Exercise goal:
Write out every entry exactly; the pictures do not belong in the copy.

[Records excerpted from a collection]

*** Block opens ***

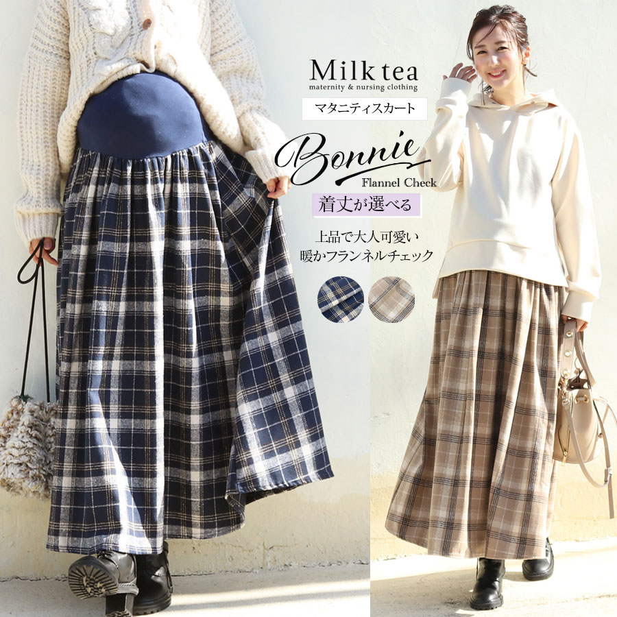 暖かくて知的なフランネルチェックを使ったマタニティ対応フレアースカートです。
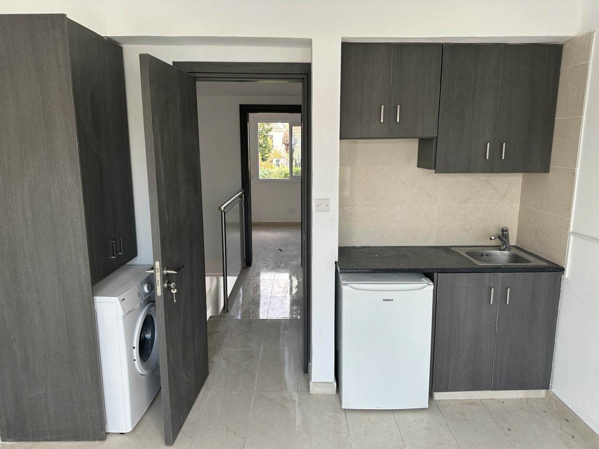 The second studio, located on the upper floor, also offers a bright and spacious living area with its own private balcony. From the balcony, you can enjoy views of the surrounding buildings and lush greenery, while catching a distant sea breeze. This is the perfect spot to watch the stunning Cypriot sunsets with a glass of wine in hand. The apartment is fully equipped with all necessary utilities, including air conditioning and a modern kitchen, making it ready for immediate occupancy.
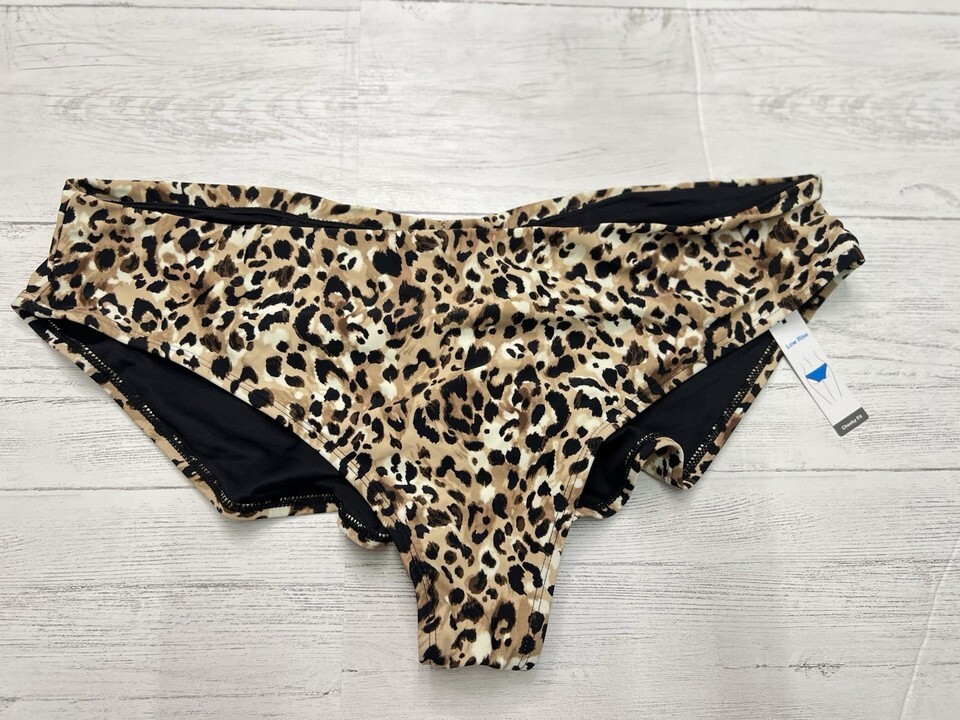 - Time And Tru Womens Leopard Print Bikini Bottoms Plus 2X Low Rise Ruched Back
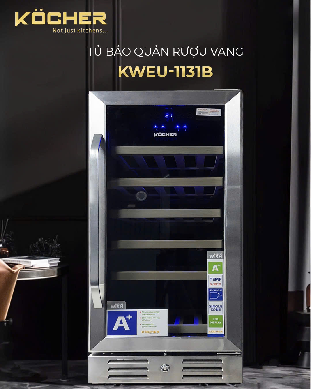 Review tủ bảo quản rượu vang Kocher KWEU-1131B có gì HOT | Kinghome.Vn
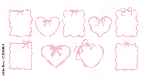 A set of heart-shaped and rectangular pink frames with delicate bows and ribbons. A hand-drawn coquette-style borders in minimalist line art for invitations, cards, posters, menus
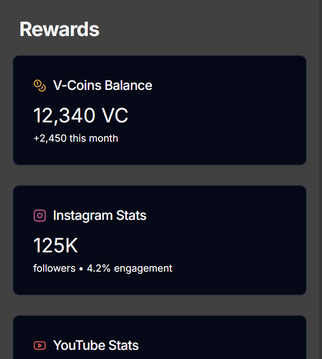 You earn rewards by using the platform – sending invoices, completing goals, or spending with partners. Your social reach and platform activity can unlock bonus experiences.
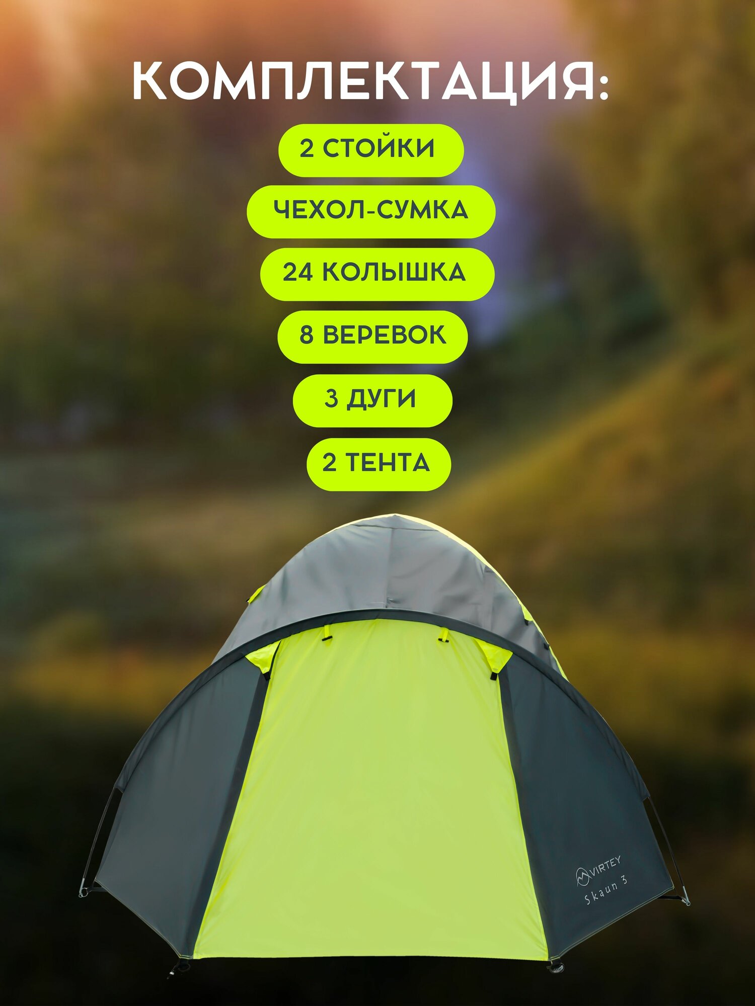 Палатка туристическая 3х местная двухслойная с тамбуром Virtey Skaun-3 (450*210*140 см) интересное:

*** Block closes ***

Answer for the task:
 暖かくて知的なフランネルチェックを使ったマタニティ対応フレアースカートです。
 The second studio, located on the upper floor, also offers a bright and spacious living area with its own private balcony. From the balcony, you can enjoy views of the surrounding buildings and lush greenery, while catching a distant sea breeze. This is the perfect spot to watch the stunning Cypriot sunsets with a glass of wine in hand. The apartment is fully equipped with all necessary utilities, including air conditioning and a modern kitchen, making it ready for immediate occupancy.
 - Time And Tru Womens Leopard Print Bikini Bottoms Plus 2X Low Rise Ruched Back
 Review tủ bảo quản rượu vang Kocher KWEU-1131B có gì HOT | Kinghome.Vn
 A set of heart-shaped and rectangular pink frames with delicate bows and ribbons. A hand-drawn coquette-style borders in minimalist line art for invitations, cards, posters, menus
 You earn rewards by using the platform – sending invoices, completing goals, or spending with partners. Your social reach and platform activity can unlock bonus experiences.
 Палатка туристическая 3х местная двухслойная с тамбуром Virtey Skaun-3 (450*210*140 см) интересное:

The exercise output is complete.